— RECORD EXTRACTS —
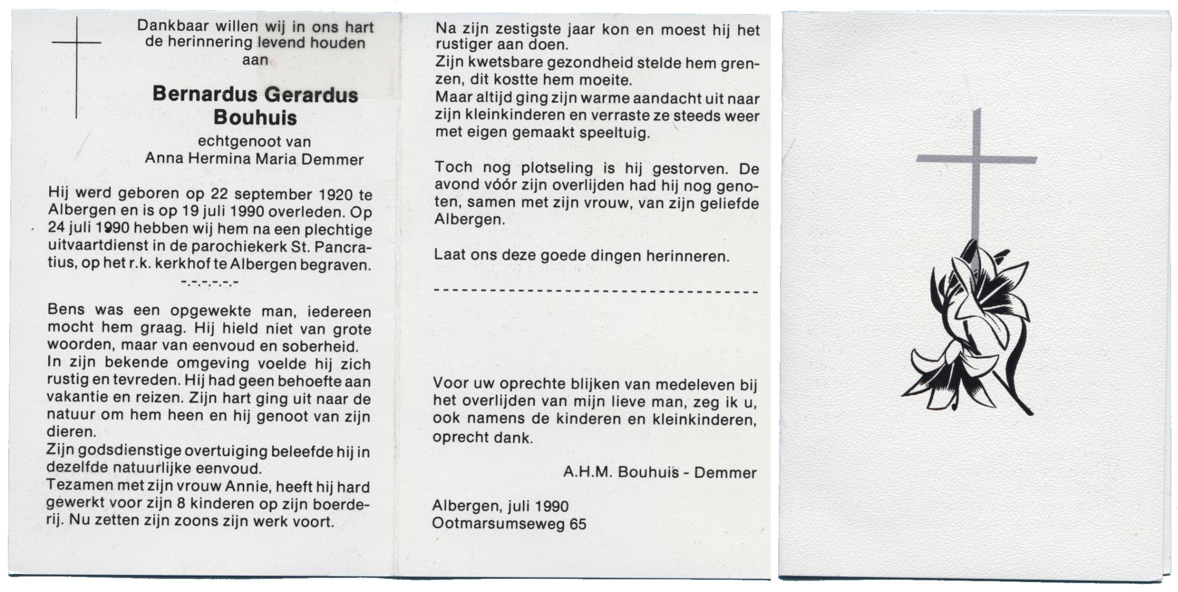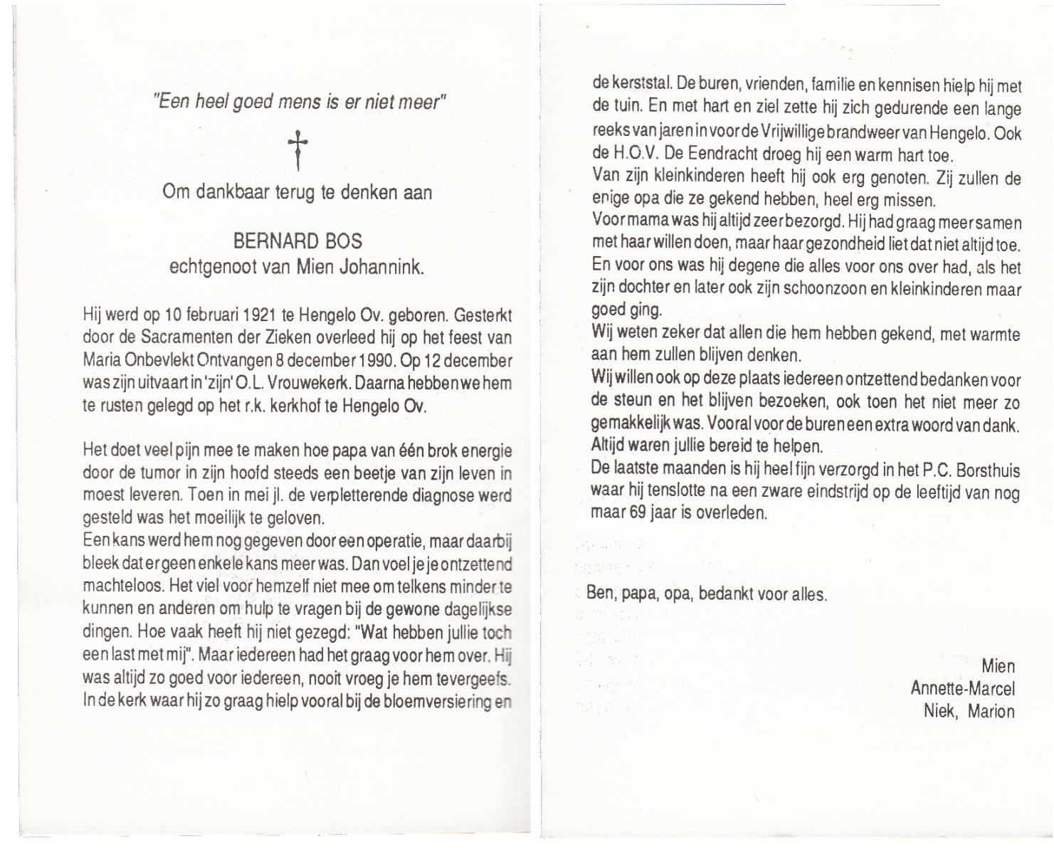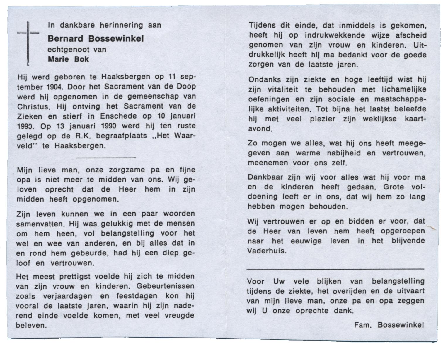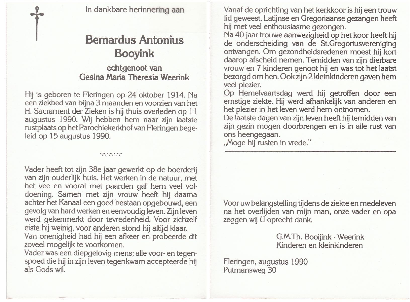 BOOYINK, Bernardus Antonius, geboren op 24-10-1914 te Fleringen, overleden op 11-8-1990 te Fleringen op 75-jarige leeftijd, begraven op 15-8-1990 te Fleringen.
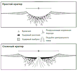 Структура маленького (простого) и крупного (сложного) кратеров
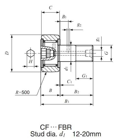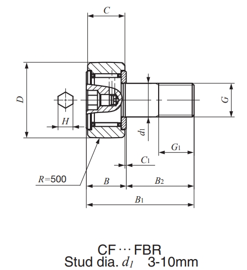 IKO CF8FBUUR軸承尺寸、參數與圖紙
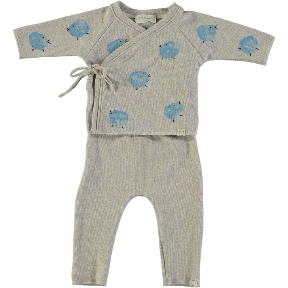 Conjunto 1ª Puesta Beige Pollitos Azul Lolaletost
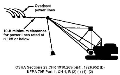 6-2. A minimum clearance of 10 ft between overhead power lines and equipment is
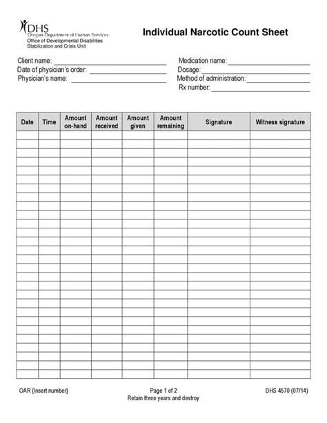 Printable Narcotic Log Sheet
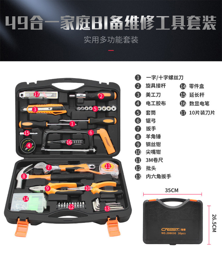 *五金工具套装家用组合汽车组套家庭手动维修理工具箱
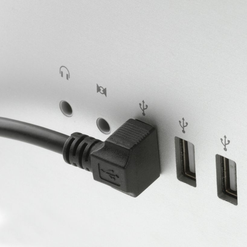 - besonders platzsparende 90° Bauform des USB A Winkelsteckers

— THE TASK —
Repeat each line of the material, unaltered, from the first through the line with "Conjunto 1ª Puesta", and include no pictures.

— EXERCISE SOLUTION —
 BOOYINK, Bernardus Antonius, geboren op 24-10-1914 te Fleringen, overleden op 11-8-1990 te Fleringen op 75-jarige leeftijd, begraven op 15-8-1990 te Fleringen.
 Структура маленького (простого) и крупного (сложного) кратеров
 IKO CF8FBUUR軸承尺寸、參數與圖紙
 Conjunto 1ª Puesta Beige Pollitos Azul Lolaletost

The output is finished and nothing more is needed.